Herkeseeeeeeeeeee merhabalar.
Güzel bir çarşamba gecesinin verdiği fingirdeklikle anlatmaya başlıyorum.
Neyi mi?
Bugün,yüzme kursunda nasıl ölümden döndüğümü ve her ölümden dönenin mutlaka bir kere gördüğü hayatımın film şeridini,arkadaşımın sevgilisine çok kısa bir zamanda yukarıda paylaştığım videodaki on numara beş yıldız verdiğim jesti yapacağımızı,iki haftadır koşuya neden gittiğimi,Sinan Akçıl'ı yerden yere vuranlara neden bugün hak verdiğimi ve daha fazlası birazdan sizlerle.

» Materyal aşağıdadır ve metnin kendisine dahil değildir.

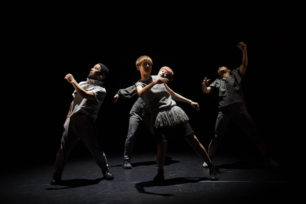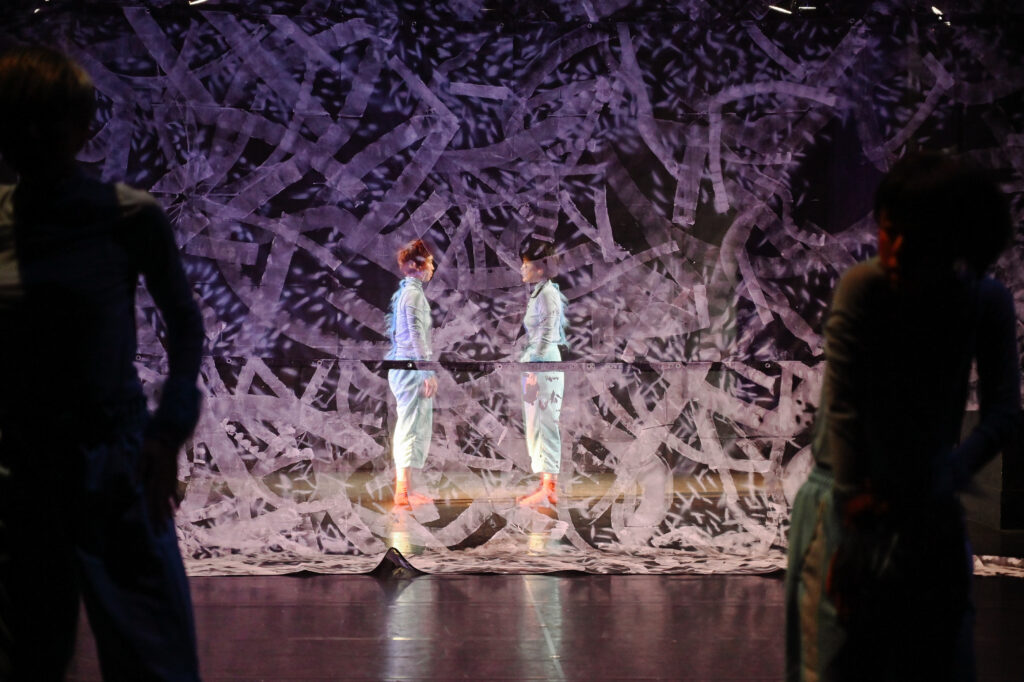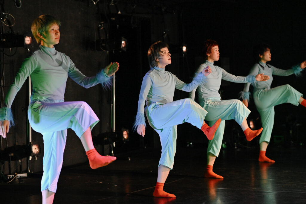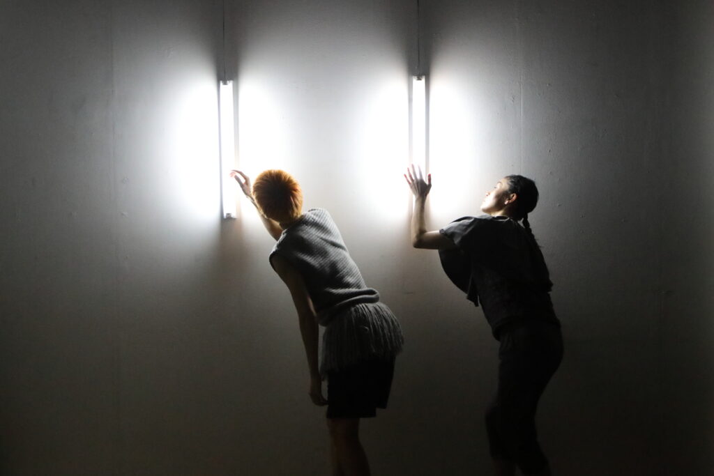 北川結と山中芽衣のデュオが続く。身体の制約そのものを踊るような、ユーモラスな動き。しかし、明滅する蛍光灯の光のなか、どこか不穏な空気が張り詰める。二人が首を大きくかきむしり、手に吐き出した何かを客席に見せびらかす振り付けを反復し始めると、不穏さの予感が確信に変わる。会場の奥、壁に向かって設置された小さな階段をゆっくりと登り、倒れ、床を転がる。それを繰り返す二人。反復するほど背中が折れ曲がって疲弊していくその姿は、老い行く身体の表象にも見える。

-Pardon!Kimle konuşuyorsun acaba?
+Bozmasan olmaz değil mi?
-Şizofreni misin oğlum sen?Kime anlatıyorsun bunları?
+Küfür edeyim mi?
İstiyor musun?
Şansını zorlama!
-Hadi neyse!Anlat bakalım.
Ama bu konuya döneceğiz sonra.
Korkmaya başladım vallah senden!
+Sen kimsin ya!Cidden kim oluyorsun?
-Sen!Yani tam sen değil,senin iç sesin!
Hadi başla sen!
Bu seviyesiz diyalog için affınıza sığınıyorum...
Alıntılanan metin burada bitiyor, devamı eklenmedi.